Gabbie Atsepoyi is passionate about improving her community. The resident of Belvedere Park is working to create park space in her neighborhood, a part of DeKalb County severely lacking in access to greenspace. She felt inspired while walking her young daughter around the neighborhood during the start of the pandemic.

“We couldn’t walk to a park,” said Atsepoyi, a second-generation Nigerian American who grew up in Denver – two places that greatly shaped her appreciation for nature.

So, Atsepoyi decided to act, seeing the potential for a community schoolyard at Columbia Elementary School.
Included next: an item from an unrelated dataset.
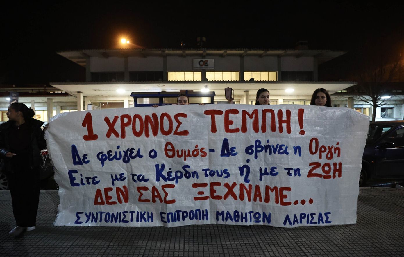 Δεκάδες φοιτητές και μαθητές της Λάρισας, μέσα σε φορτισμένο κλίμα, βρέθηκαν το βράδυ της Τρίτης στην πλατεία του ΟΣΕ, μία ημέρα πριν συμπληρωθεί ένας χρόνος από το τραγικό δυστύχημα των Τεμπών.

“I just started sending emails,” said Atsepoyi, who earned a degree in environmental studies from Spelman College. “There’s a lot of opportunity at Columbia to do a lot of things right. Give kids a place to explore, to give kids a place to learn, to get them outside

to teach them science in a way that is engaging and fun.” Through her persistence, Atsepoyi was able to get support from the principal and school district. She secured grants from Park Pride and the Children and Nature Network to get a park designed and fund outreach for the “Greening Columbia” project. Now, the park project is waiting for funding. Michael Halicki, executive director of Park Pride, praised Atsepoyi’s grassroots efforts, saying she’s “saving the world in her free time.” But that’s not all. Last year, Atsepoyi started a farmers market near Columbia Drive called Sun Market. It was her family’s way of bringing more fresh food options to their community, as well as an effort to support and help connect Black farmers to market opportunities. Atsepoyi was able to secure a grant through Georgia Organics to start the market. Sun Market will return May 14 and runs the second and fourth Saturdays through September 10. The market offers 50% off produce purchased through EBT. (Photo by Suzanne Girdner) Atsepoyi hopes to further its impact. “I want to expand Sun Market to not just be in south DeKalb, but also in other communities,” she said. “It’s bigger than me. It’s bigger than all of us. My goal for Sun Market is for it to be like a corner store with produce that is intentional about partnering with Black farmers and supporting all local Georgia farmers.”